As a bisexual woman, I frequent LGBTQ parties and events, hang out at lesbian and gay bars, and even produce LGBTQ news coverage for my job. Yet, while I have friends who identify under every term in the LGBTQ spectrum, virtually none are trans women. And few of my LGBTQ friends count trans women among their own close friends. I get that we all gravitate toward those in our social circles for any number of subjective reasons, but could the absence of trans women in our circles reflect a larger problem among feminists and queer women?

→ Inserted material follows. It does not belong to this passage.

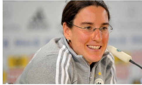
RONDE 2 - VRAAG 1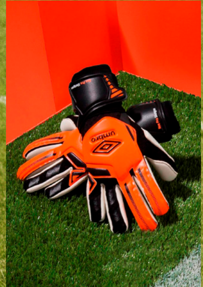
Protèges tibias & Gants 11 & 12

I think it does. Feminist and queer spaces have long excluded certain queer people, however intentionally or unintentionally. When those spaces are inclusive, they often privilege some gender presentations over others. Discrimination within the LGBTQ community is subtle, but it's insidious.

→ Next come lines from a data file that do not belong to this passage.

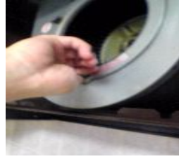
⑥ ベルマウスボルト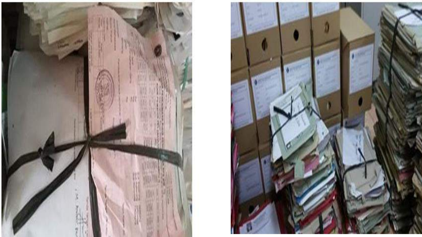
Gambar 4.6 Pengolahan Arsip di Unit Arsip IPB

72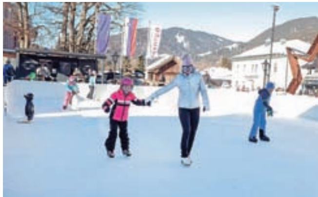
Drsališče v središču Kranjske Gore privablja tako mlade kot starejše drsalce.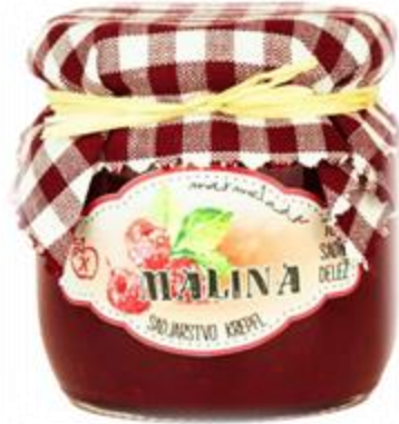
Slika 29: Eden od izdelkovi sadjarstva Krepfl

V Račah in okolici je veliko domačih pridelovalcev med te spada tudi pridelovalec jabolk in jabolčnega soka in kisa - Sadjarstvo Krepfl. Ponuja zelo pestro ponudbo domačih jabolčnih izdelkov, ki jih ne samo prodaja v Račah na tržnici ampak tudi v Mariboru v prodajalni E.Leclercu.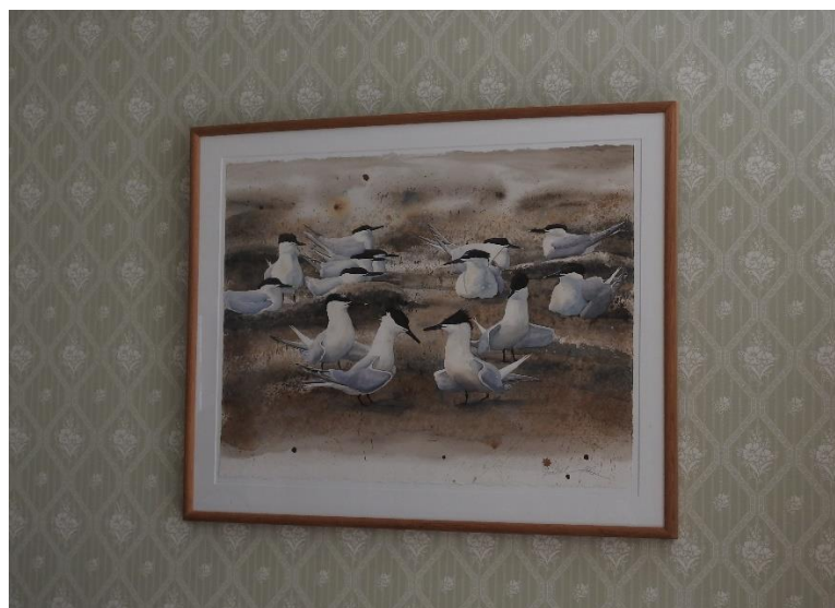
Her et af motiverne i stuerne på Nr.Vosborg ifbm. Jubilæumsudstillingen

"When I go to a [queer] party, I'm often the only person assigned male at birth," Red Durkin, a trans activist and comedian, told me. "I think the philosophy of queer spaces as being more all-inclusive is something that the practice of it hasn't lived up to."

We may not purposefully exclude anyone, but there is no doubt that we privilege certain identities (my cis, feminine, white one included).

"A lot of lesbian and dyke spaces and a lot of feminist spaces are masculine-centric, [which] plays a big role about which trans people are welcome in the space and which are not," Julia Serano, a trans writer and activist, told me. "I've found that trans men and trans masculine people are way more welcome in queer spaces than trans women.... [A] large portion of the anti-trans sentiments are anti-feminine."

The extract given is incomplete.